Make sure to check out my post about the
5 Newborn Necessities as well for another great, practical list!
I have received some good ideas from facebook readers of things to add to the list, so here they are!
11. Stop smoking and drinking and start eating healthy! ABSOLUTELY!! I guess I didn't include smoking and drinking because...I don't do either of those things. :) And eating isn't something I do much of in the first trimester anyway. I eat what I can and try to keep it as healthy as possible, but sometimes a bowl of popcorn covered in salt is all I can stomach and I just tell myself that's okay because at least something is staying down.

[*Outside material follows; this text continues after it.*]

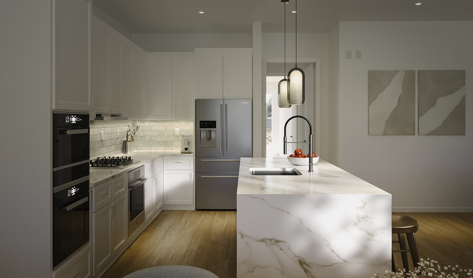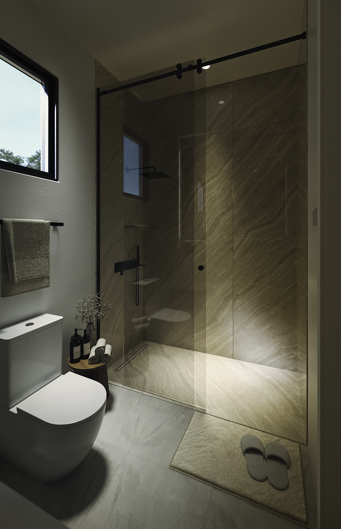 Inside the PBS models, the focus is on light and volume. We staged the interiors with minimalist furniture to maintain the sense of space. By highlighting the floor-to-ceiling windows and the natural wood finishes, the renders demonstrate a design that feels both spacious and grounded, perfect for the modern, design conscious homeowner.

12. Start drinking LOTS of water! YES!! I totally should have included this one! I haven't been able to stand the taste of water this pregnancy. Usually, I'm a big-time water drinker, but I was actually having dehydration headaches this time around until I bought some lemons to squeeze into every glass. Made a world of difference!
13. Hire a doula. This one I didn't think of for a couple reasons. First, I kind of think of a doula as someone you hire later on in pregnancy. It doesn't HAVE to be one of the first 10 things. :) Second, I don't use a doula for my births. I have a fabulous support team in my family, lots of people to talk to and ask questions and get ideas from during labor, and a doula isn't the most important thing for me. That said, if I had an infinite amount of money, I'd DEFINITELY hire a doula!! And if I didn't have such an amazing support team, I'd DEFINITELY find the money to hire a doula! So yes, look into a doula for sure. They're amazing at supporting your birth choices and helping you have the most comfortable, relaxing, enjoyable birth possible. (Just as a side note...I aspire to be a doula someday when my babies are all a little older!)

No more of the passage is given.